YOUR TASK: Quote every line below exactly and skip any picture.

SOURCE DATA:
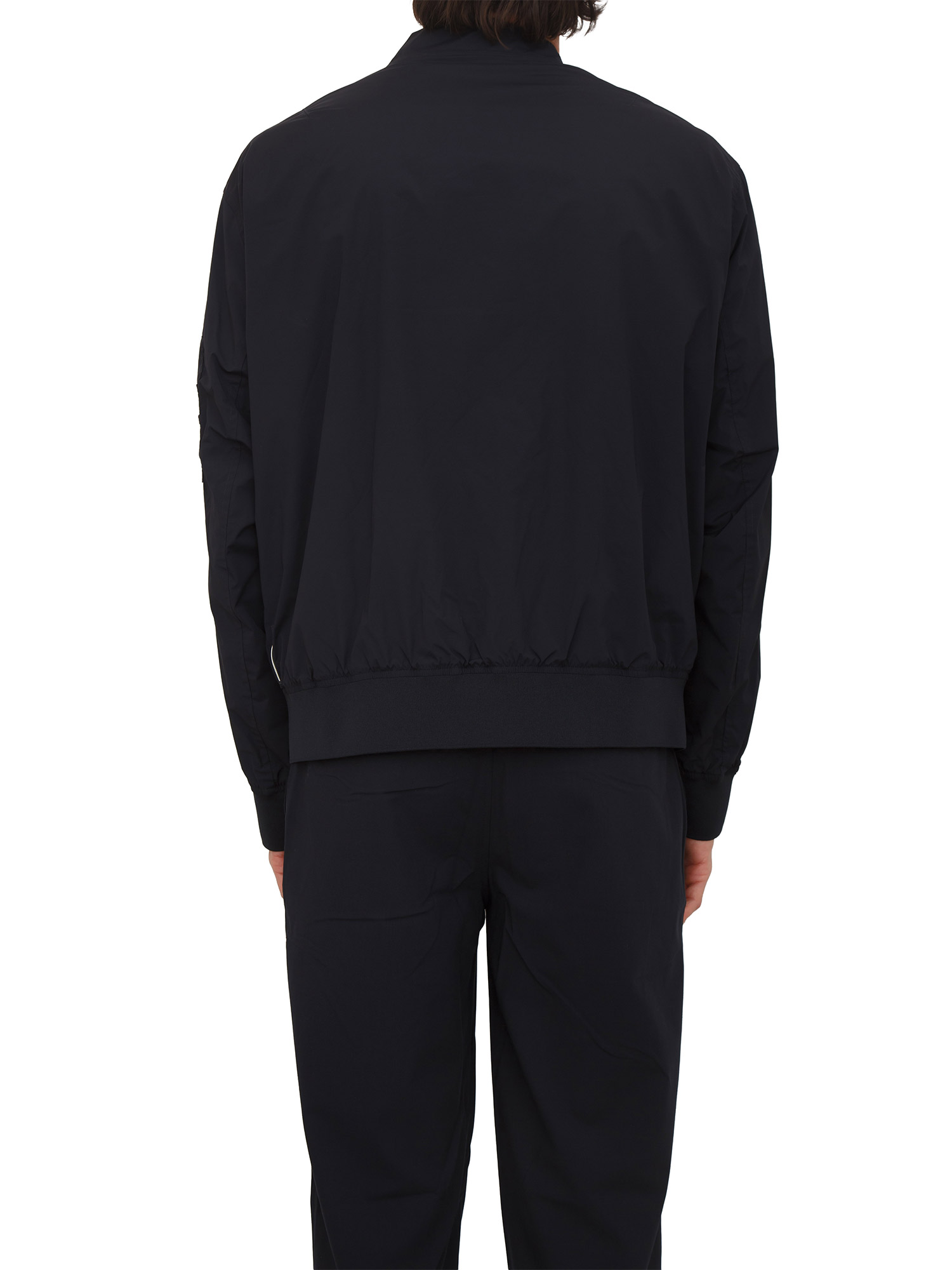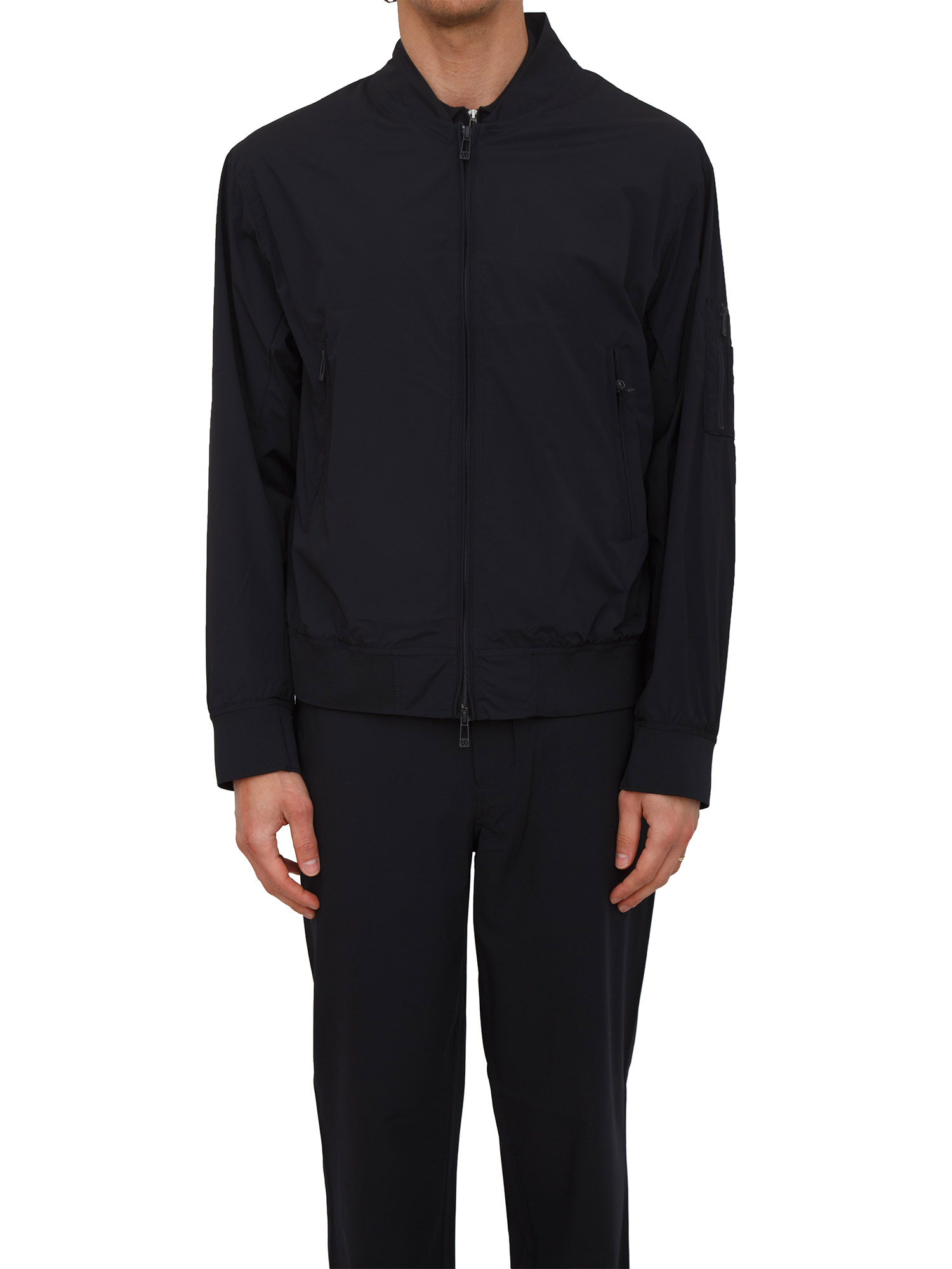 Giubbino Armani Exchange uomo realizzato in tessuto elasticizzato dalla linea elegante, materiali leggeri e colore trendy. Relaxed fit con chiusura zip, tasche laterali, tasca sulla manica e lavorazione a costine sui fondi. Il modello è alto 1.90m e indossa la taglia L.
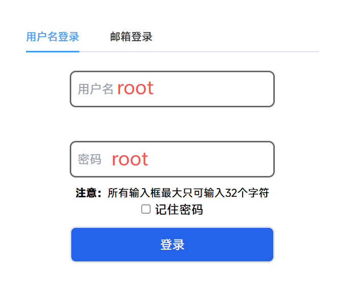 点击页面上的登录进行登录, 默认的用户名和密码:root
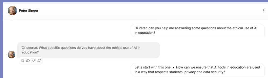 We raised some of the most pressing questions about the role of AI in shaping learning experiences, ensuring privacy, and preventing biases. The responses we received from Peter Singer's AI chatbot revealed fascinating perspectives on how ethical thinking can guide responsible development and use of AI in educational contexts.

ANSWER TO THIS EXERCISE:
 Giubbino Armani Exchange uomo realizzato in tessuto elasticizzato dalla linea elegante, materiali leggeri e colore trendy. Relaxed fit con chiusura zip, tasche laterali, tasca sulla manica e lavorazione a costine sui fondi. Il modello è alto 1.90m e indossa la taglia L.
 点击页面上的登录进行登录, 默认的用户名和密码:root
 We raised some of the most pressing questions about the role of AI in shaping learning experiences, ensuring privacy, and preventing biases. The responses we received from Peter Singer's AI chatbot revealed fascinating perspectives on how ethical thinking can guide responsible development and use of AI in educational contexts.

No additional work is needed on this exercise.